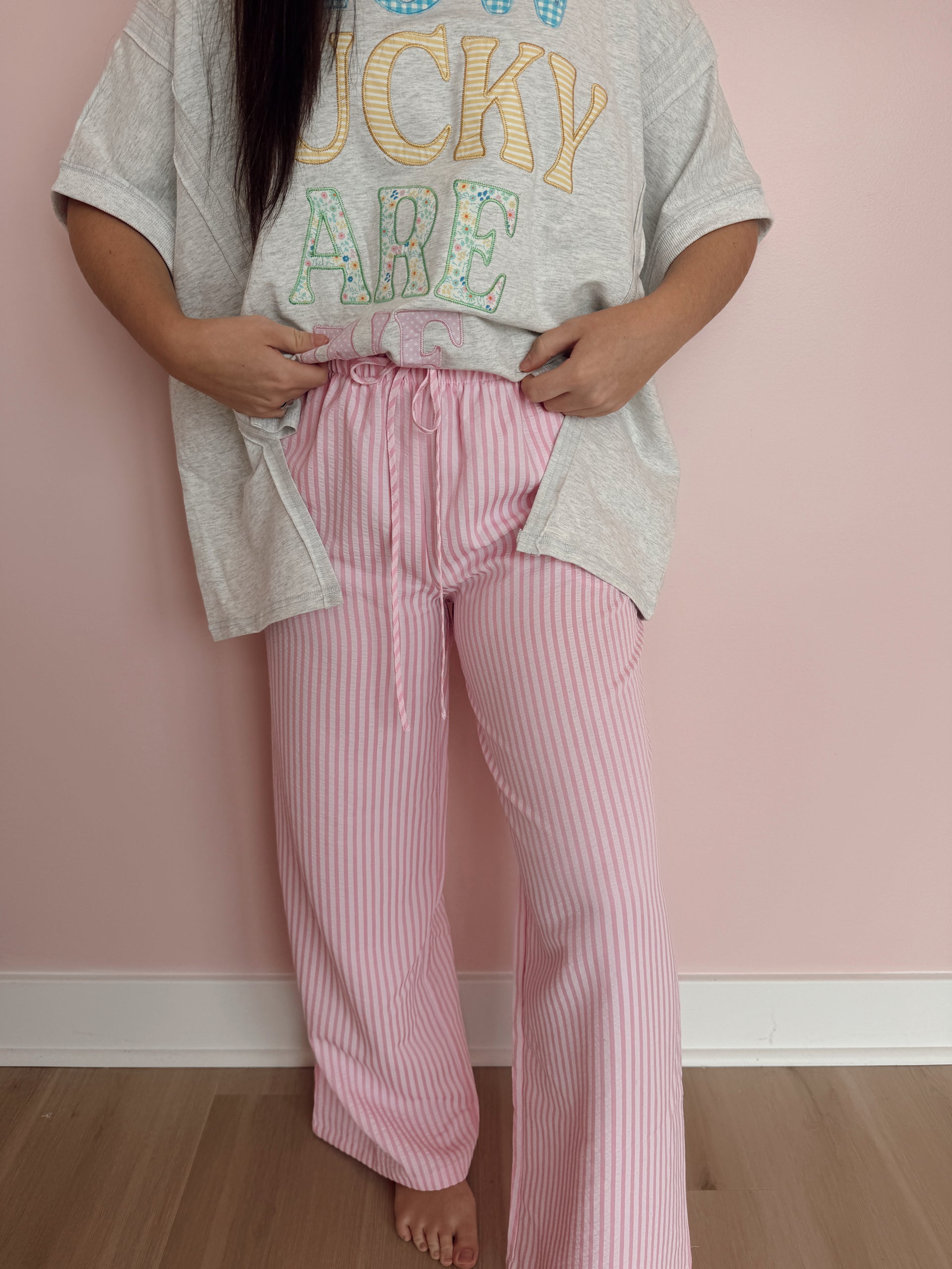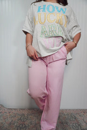 Waist tie detail striped long pants
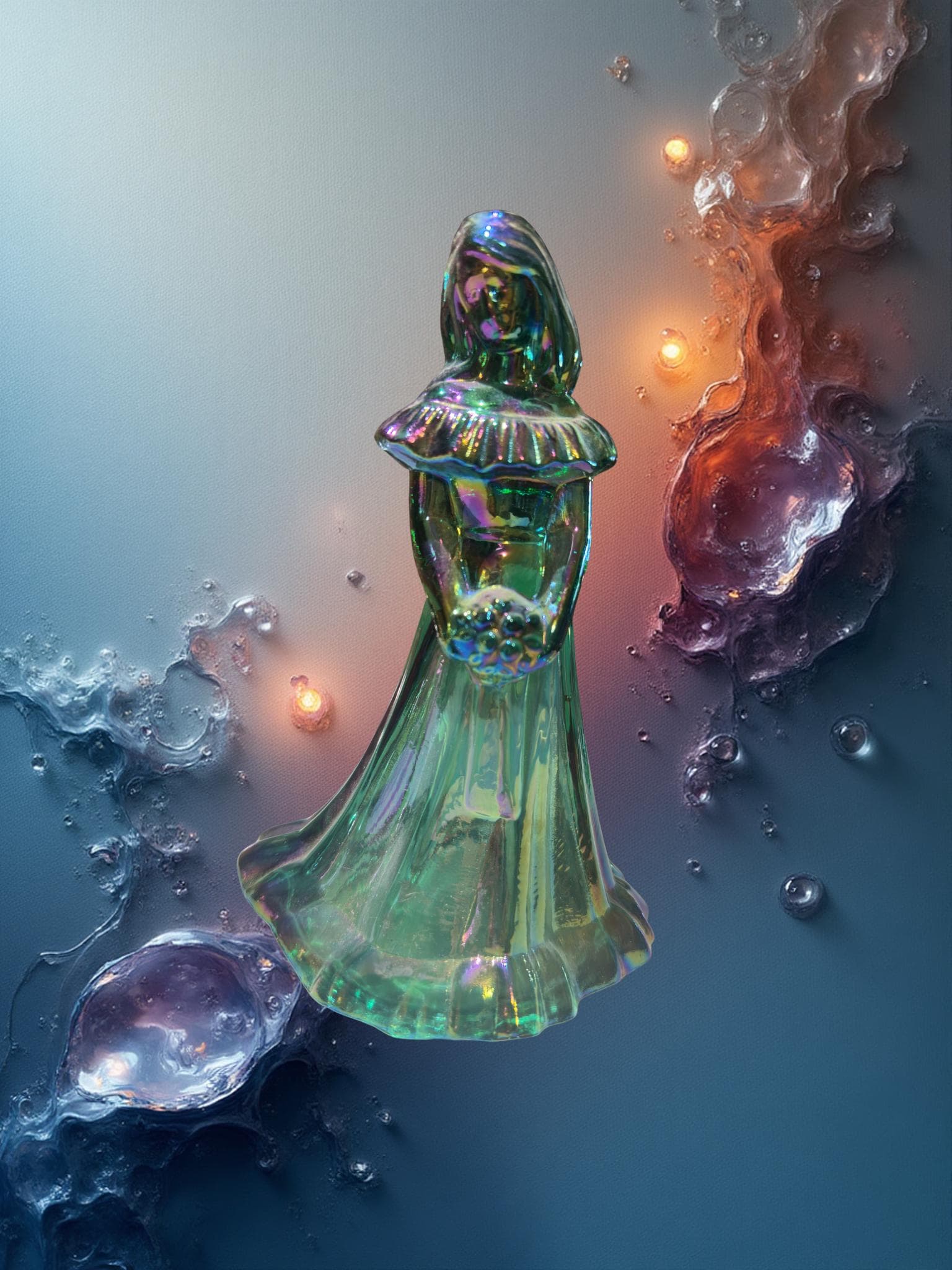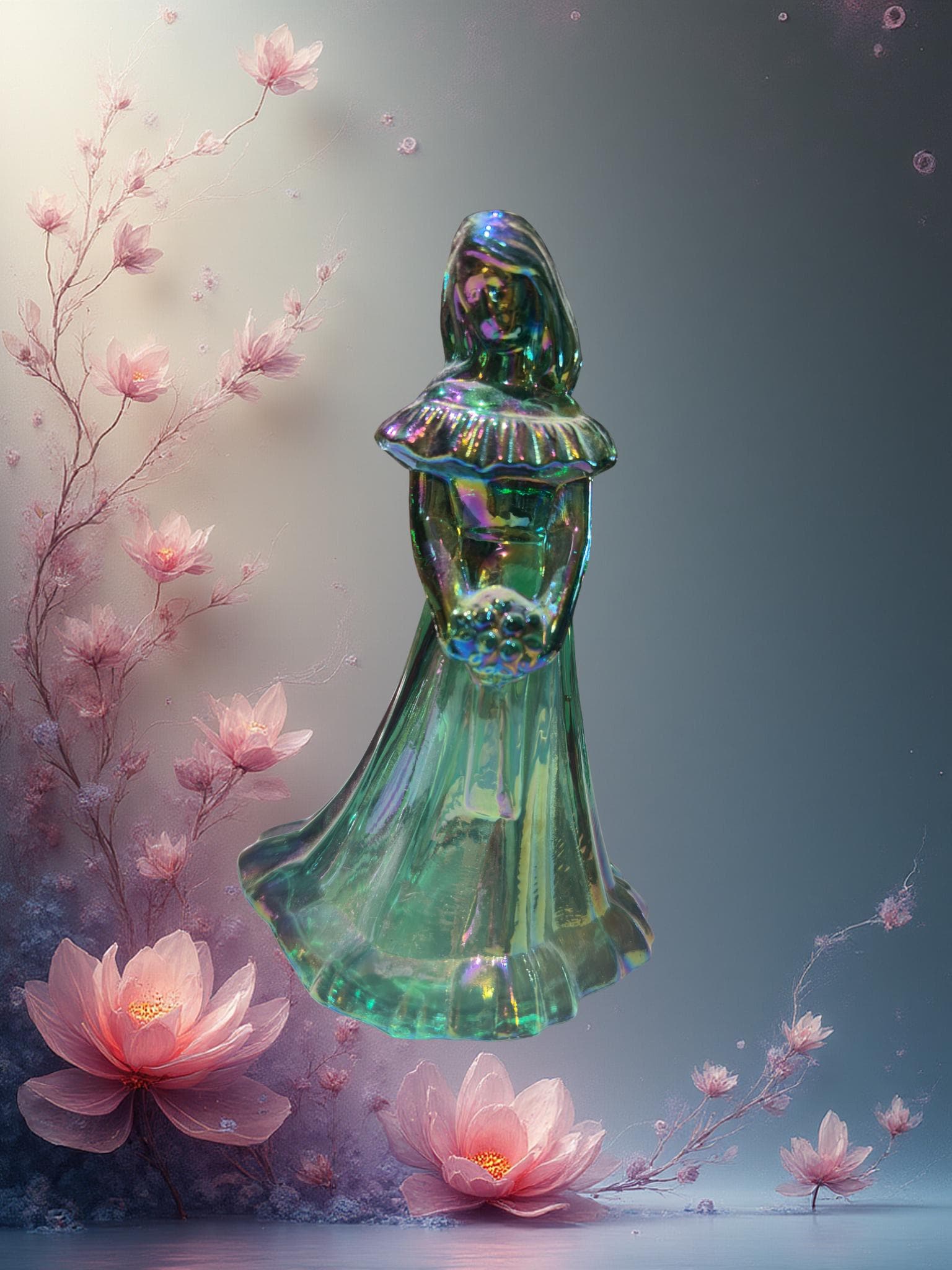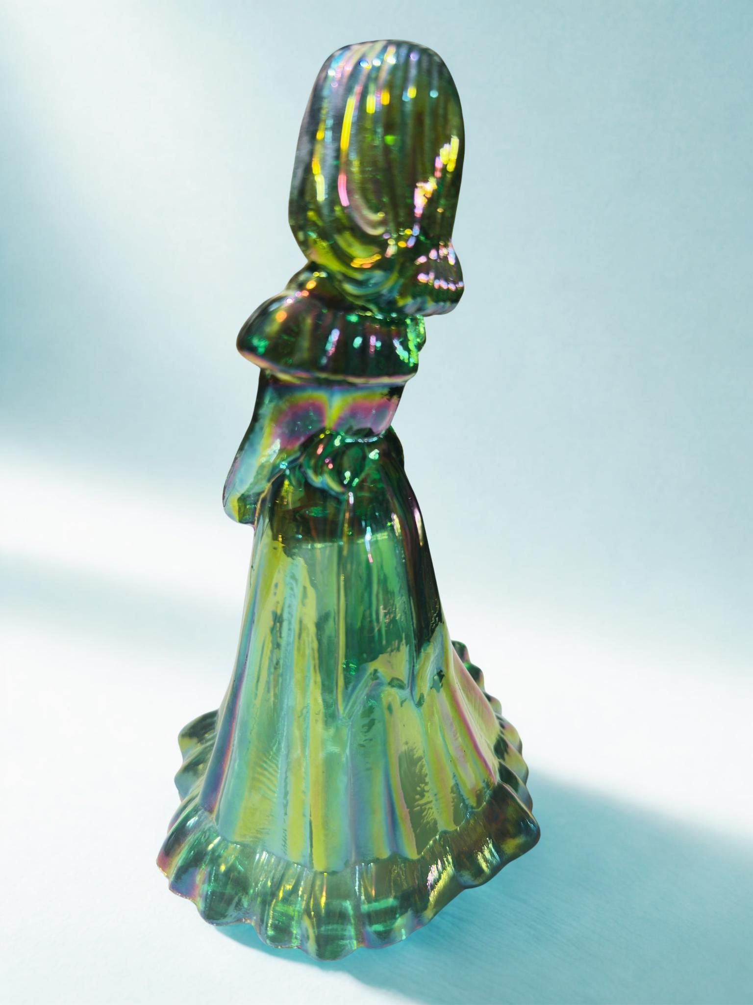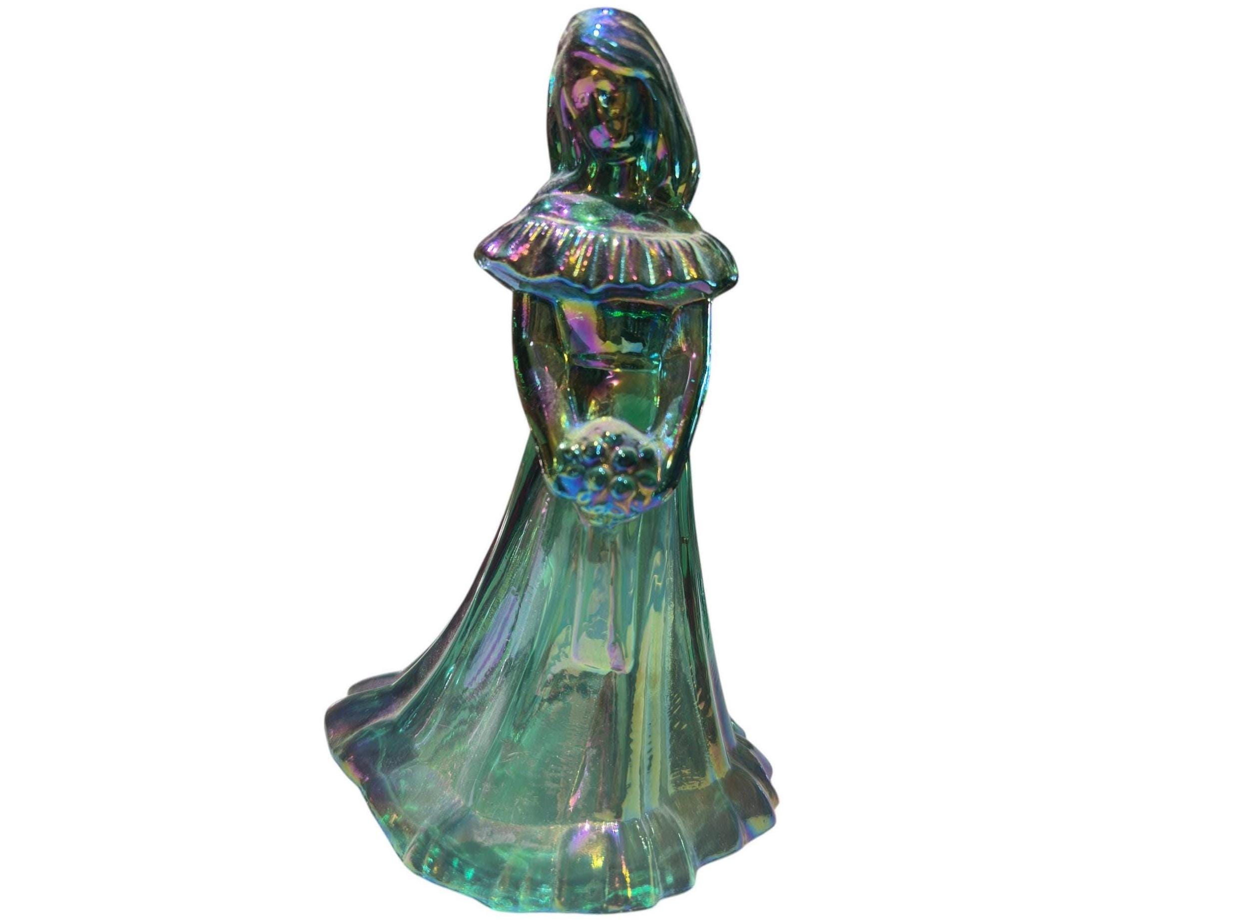 Crafted from high-quality carnival glass, the figurine features a captivating iridescent sheen that shifts beautifully in the light, showcasing hues of green, purple, and gold. The detailed hand painting highlights the bridesmaid's graceful attire, adding a touch of artistry and nostalgia. Its elegant design and shimmering surface make it a standout piece that draws admiration from all who see it.
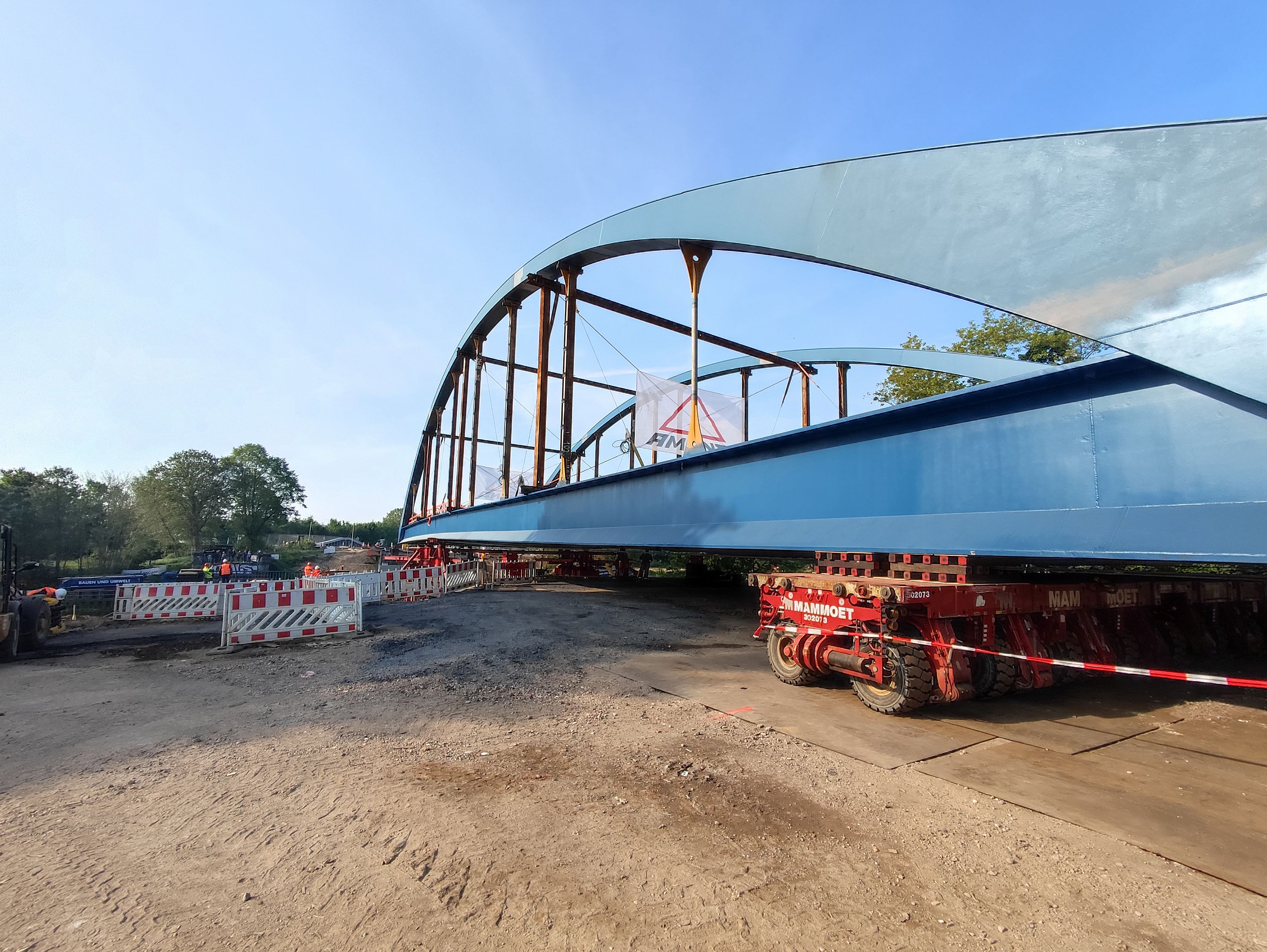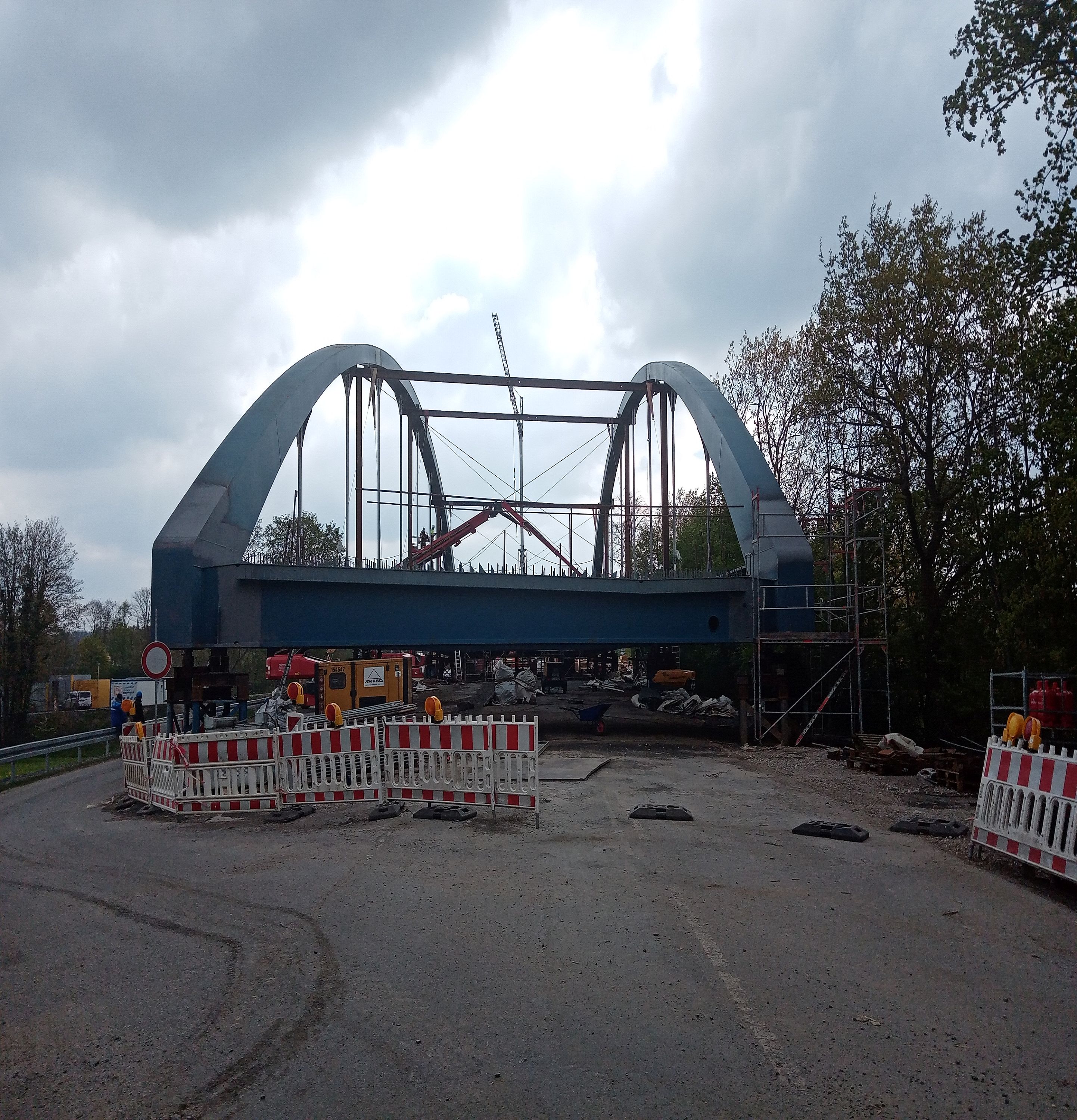 Zur Aufrechterhaltung des Verkehrs wurde eine Behelfsbrücke des Typs SS80 montiert und vorgehalten.

# AIM OF THE TASK
With pictures excluded, the material is to be written out exactly as given.

# YOUR RESPONSE
 Waist tie detail striped long pants
 Crafted from high-quality carnival glass, the figurine features a captivating iridescent sheen that shifts beautifully in the light, showcasing hues of green, purple, and gold. The detailed hand painting highlights the bridesmaid's graceful attire, adding a touch of artistry and nostalgia. Its elegant design and shimmering surface make it a standout piece that draws admiration from all who see it.
 Zur Aufrechterhaltung des Verkehrs wurde eine Behelfsbrücke des Typs SS80 montiert und vorgehalten.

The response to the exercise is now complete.